- _Exercise goal_
Among the lines of the records, find all that carry the word "pemain" and copy them.

- _Supplied data_
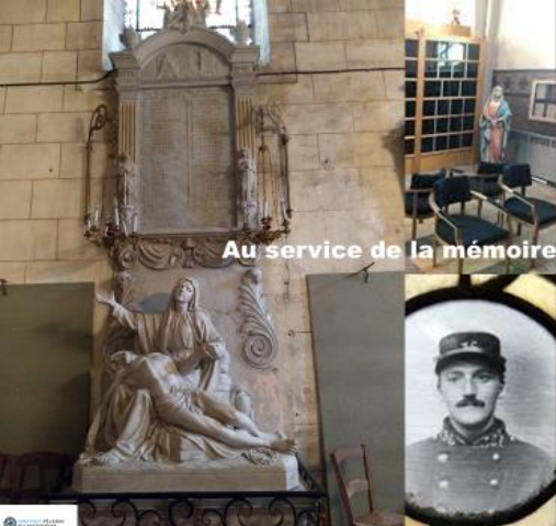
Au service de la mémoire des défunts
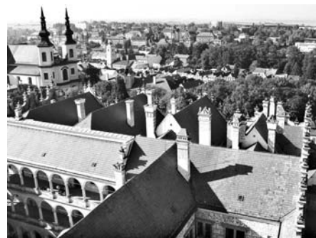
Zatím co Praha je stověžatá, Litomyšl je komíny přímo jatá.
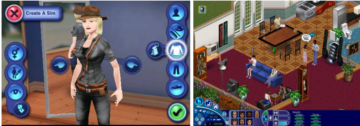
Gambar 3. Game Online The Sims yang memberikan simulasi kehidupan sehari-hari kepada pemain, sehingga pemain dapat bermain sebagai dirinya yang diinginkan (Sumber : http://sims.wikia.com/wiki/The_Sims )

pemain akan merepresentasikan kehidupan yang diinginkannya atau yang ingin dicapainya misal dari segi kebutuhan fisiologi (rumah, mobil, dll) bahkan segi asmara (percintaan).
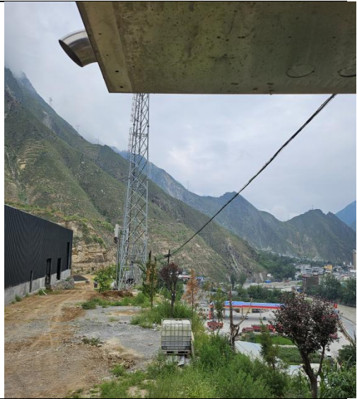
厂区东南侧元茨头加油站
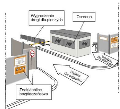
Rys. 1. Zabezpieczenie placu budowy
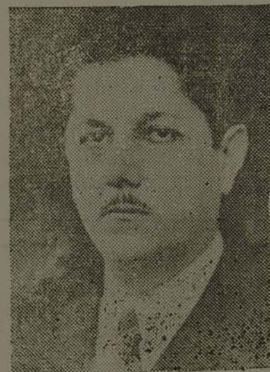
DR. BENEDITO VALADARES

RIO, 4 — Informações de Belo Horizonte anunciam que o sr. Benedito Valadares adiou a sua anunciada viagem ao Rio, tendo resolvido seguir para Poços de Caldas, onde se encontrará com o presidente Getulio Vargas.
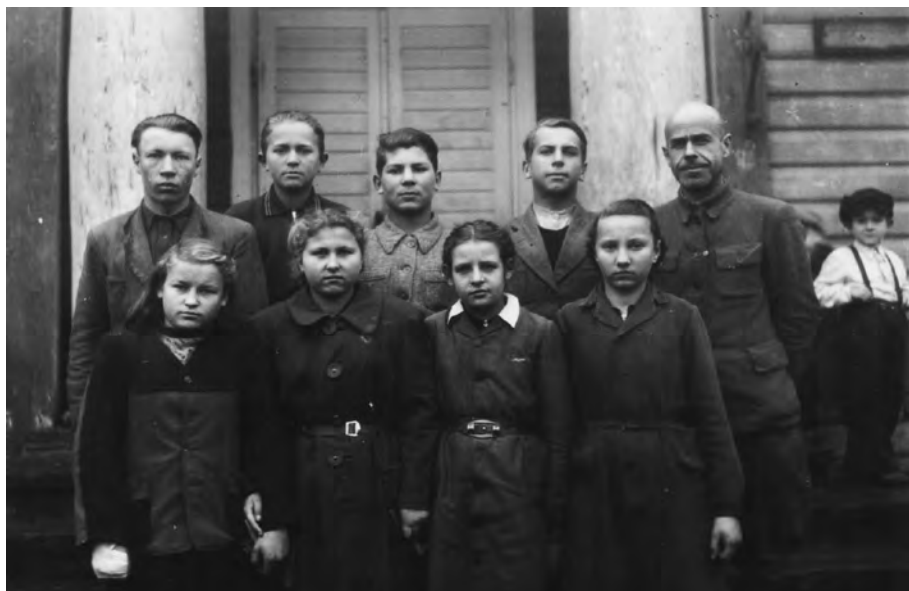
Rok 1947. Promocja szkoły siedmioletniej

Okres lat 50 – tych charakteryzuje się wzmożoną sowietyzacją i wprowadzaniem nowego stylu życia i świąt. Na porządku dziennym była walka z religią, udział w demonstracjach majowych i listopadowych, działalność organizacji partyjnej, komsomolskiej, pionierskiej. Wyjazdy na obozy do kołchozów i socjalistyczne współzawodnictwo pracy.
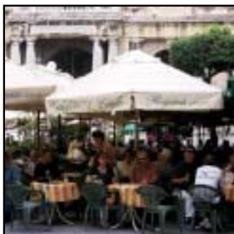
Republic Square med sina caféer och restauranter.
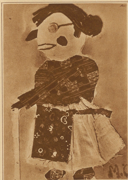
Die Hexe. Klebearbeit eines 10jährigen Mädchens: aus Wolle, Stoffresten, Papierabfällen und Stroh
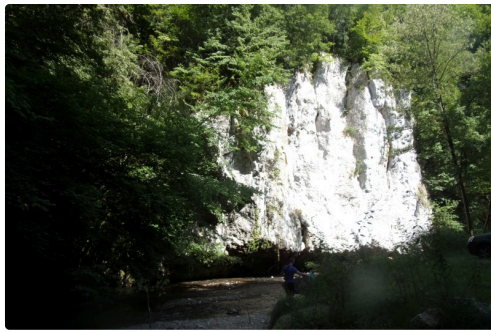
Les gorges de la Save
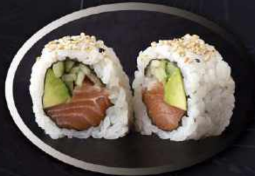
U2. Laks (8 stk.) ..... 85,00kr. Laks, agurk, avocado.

==

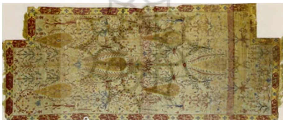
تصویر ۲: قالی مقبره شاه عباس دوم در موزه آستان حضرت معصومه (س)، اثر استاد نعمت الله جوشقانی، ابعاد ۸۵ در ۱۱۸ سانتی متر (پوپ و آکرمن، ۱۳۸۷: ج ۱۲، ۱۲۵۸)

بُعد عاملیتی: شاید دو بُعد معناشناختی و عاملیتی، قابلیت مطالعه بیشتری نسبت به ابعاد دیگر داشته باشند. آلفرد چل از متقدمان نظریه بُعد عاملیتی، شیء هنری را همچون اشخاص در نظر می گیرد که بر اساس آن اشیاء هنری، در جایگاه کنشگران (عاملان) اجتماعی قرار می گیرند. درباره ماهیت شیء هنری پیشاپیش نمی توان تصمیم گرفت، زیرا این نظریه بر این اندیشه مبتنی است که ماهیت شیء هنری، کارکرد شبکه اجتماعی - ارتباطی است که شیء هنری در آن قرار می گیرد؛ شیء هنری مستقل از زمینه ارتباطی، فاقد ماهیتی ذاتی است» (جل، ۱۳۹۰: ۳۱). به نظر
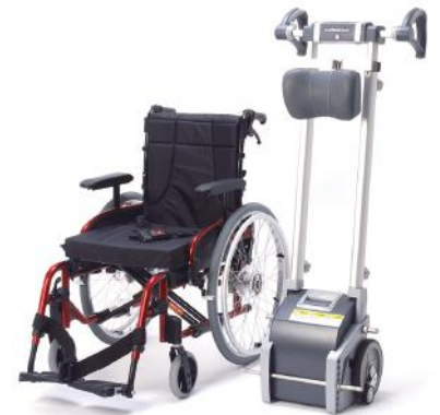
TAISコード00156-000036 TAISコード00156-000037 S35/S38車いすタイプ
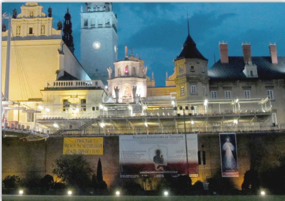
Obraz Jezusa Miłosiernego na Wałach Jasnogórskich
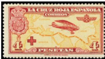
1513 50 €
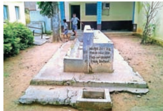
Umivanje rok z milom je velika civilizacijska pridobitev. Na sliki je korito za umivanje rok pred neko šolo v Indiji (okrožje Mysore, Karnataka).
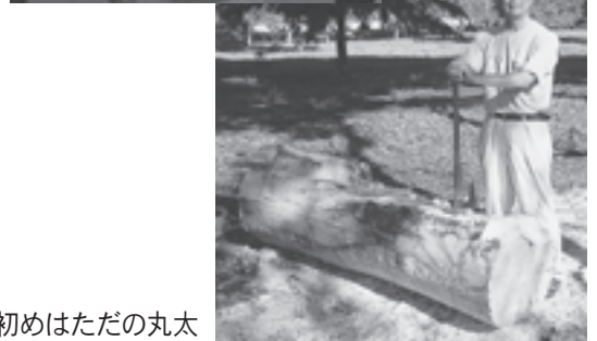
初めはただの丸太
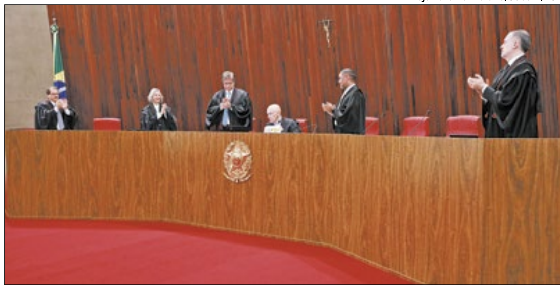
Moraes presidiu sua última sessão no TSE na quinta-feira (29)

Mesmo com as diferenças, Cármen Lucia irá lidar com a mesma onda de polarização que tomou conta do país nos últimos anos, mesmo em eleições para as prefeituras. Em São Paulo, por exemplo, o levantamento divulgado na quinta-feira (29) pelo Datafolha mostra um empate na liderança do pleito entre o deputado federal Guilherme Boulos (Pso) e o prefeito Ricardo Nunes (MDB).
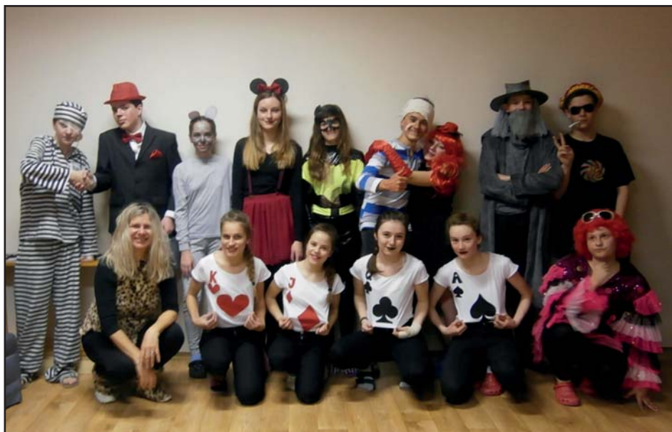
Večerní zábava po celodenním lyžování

==

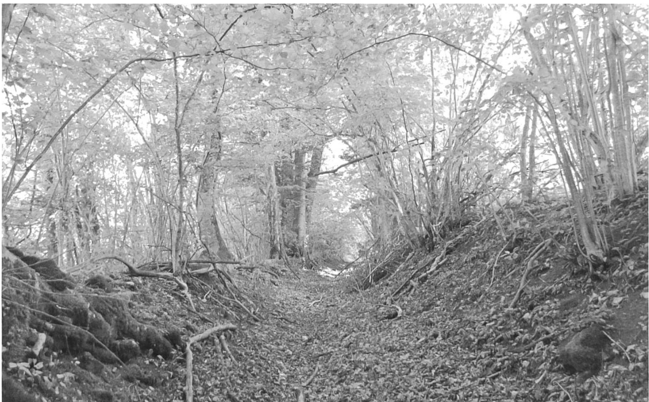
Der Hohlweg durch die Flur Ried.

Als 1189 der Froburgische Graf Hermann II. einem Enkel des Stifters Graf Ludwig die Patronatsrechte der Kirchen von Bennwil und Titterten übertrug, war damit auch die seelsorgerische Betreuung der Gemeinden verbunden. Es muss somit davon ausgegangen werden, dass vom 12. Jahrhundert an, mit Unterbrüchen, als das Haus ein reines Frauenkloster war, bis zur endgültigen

- _Problem solution_
Gambar 3. Game Online The Sims yang memberikan simulasi kehidupan sehari-hari kepada pemain, sehingga pemain dapat bermain sebagai dirinya yang diinginkan (Sumber : http://sims.wikia.com/wiki/The_Sims )
pemain akan merepresentasikan kehidupan yang diinginkannya atau yang ingin dicapainya misal dari segi kebutuhan fisiologi (rumah, mobil, dll) bahkan segi asmara (percintaan).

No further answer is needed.